4. En deuxième lieu, d'une part, ainsi qu'il a été dit au point précédent, les avis de la CDPENAF et du directeur départemental des territoires des Hautes-Pyrénées sur le projet arrêté de plan local d'urbanisme de la commune d'Hiis ont été émis respectivement le 28 août 2019 et le 2 septembre 2019, soit moins de trois mois après la consultation de cette commission et de cette autorité. En application de l'article R. 153-4 du code de l'urbanisme, ces dernières ne peuvent donc être regardées comme ayant émis un avis tacite favorable à ce projet. Par suite, et en tout état de cause, les requérants ne sont pas fondés à soutenir que la communauté de communes de la Haute-Bigorre n'aurait dû tenir compte que de ces avis favorables.
5. En troisième lieu, aux termes de l'article L. 142-4 du code de l'urbanisme, dans sa version applicable au litige: " Dans les communes où un schéma de cohérence territoriale n'est pas applicable : / 1° Les zones à urbaniser délimitées après le 1er juillet 2002 ainsi que les zones naturelles, agricoles ou forestières d'un plan local d'urbanisme ou d'un document en tenant lieu ne peuvent être ouvertes à l'urbanisation à l'occasion de l'élaboration ou d'une procédure d'évolution d'un document d'urbanisme ; / () ". Aux termes de l'article L. 142-5 du même code : " Il peut être dérogé à l'article L. 142-4 avec l'accord de l'autorité administrative compétente de l'Etat après avis de la commission départementale de la préservation des espaces naturels, agricoles et forestiers () et, le cas échéant, de l'établissement public prévu à l'article L. 143-16. La dérogation ne peut être accordée que si l'urbanisation envisagée ne nuit pas à la protection des espaces naturels, agricoles et forestiers ou à la préservation et à la remise en bon état des continuités écologiques, ne conduit pas à une consommation excessive de l'espace, ne génère pas d'impact excessif sur les flux de déplacements et ne nuit pas à une répartition équilibrée entre emploi, habitat, commerces et services. ". Aux termes de l'article R. 142-2 du même code : " La dérogation prévue à l'article L. 142-5 est accordée par le préfet de département.
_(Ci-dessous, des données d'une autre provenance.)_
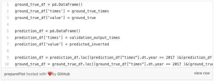 如上所示的两个Dataframes分别构造了真实值(实际价格)以及比特币的预测价格。 为了更好的可视化,绘制的图像只显示了2017年8月之后的数据。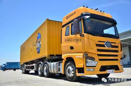 从图片上看,苏宁的无人重卡是在一汽解放的车辆上改装的,而一汽解放于2017年10月完成国内首次高速公路L3级智能车辆路试,并在2018年4月获得国内商用车“智能网联汽车道路测试牌照”。

Si le préfet ne s'est pas prononcé dans les quatre mois suivant la date de sa saisine, il est réputé avoir donné son accord. / L'avis de la commission départementale de la préservation des espaces naturels, agricoles et forestiers est réputé favorable s'il n'est pas intervenu dans un délai de deux mois à compter de la saisine du préfet. L'avis de cette même commission, requis de façon concomitante dans le cadre d'une procédure d'élaboration ou de révision d'un plan local de l'urbanisme ou d'une carte communale, tient lieu de l'avis demandé au titre de l'application de l'article L. 142-5, dès lors qu'il porte sur les mêmes secteurs. () ".
6. Il est, d'abord, constant que, la commune de Hiis n'étant pas couverte par un schéma de cohérence territoriale, l'élaboration du plan local d'urbanisme, en tant qu'il ouvrait des secteurs du territoire communal à l'urbanisation, était conditionnée à l'obtention de la dérogation prévue par les dispositions précitées de l'article L. 142-5 du code de l'urbanisme dont les conditions sont cumulatives. Il ressort ensuite des pièces du dossier que, par un courrier du 28 mai 2019, réceptionné le 4 juin suivant par son destinataire, le président de la communauté de communes de la Haute-Bigorre a adressé une demande de dérogation au préfet des Hautes-Pyrénées, lequel, après avoir saisi la CDPENAF, s'est prononcé par un arrêté du 10 septembre 2019 portant rejet de la demande de dérogation, soit dans le délai de quatre mois suivant la date du 4 juin 2019. Dans ces conditions, contrairement à ce que soutiennent les requérants, aucune décision implicite d'octroi de dérogation n'est née. Par suite, ces derniers ne sont pas fondés à soutenir que la délibération attaquée ne pouvait se fonder sur l'arrêté du préfet des Hautes-Pyrénées du 10 septembre 2019.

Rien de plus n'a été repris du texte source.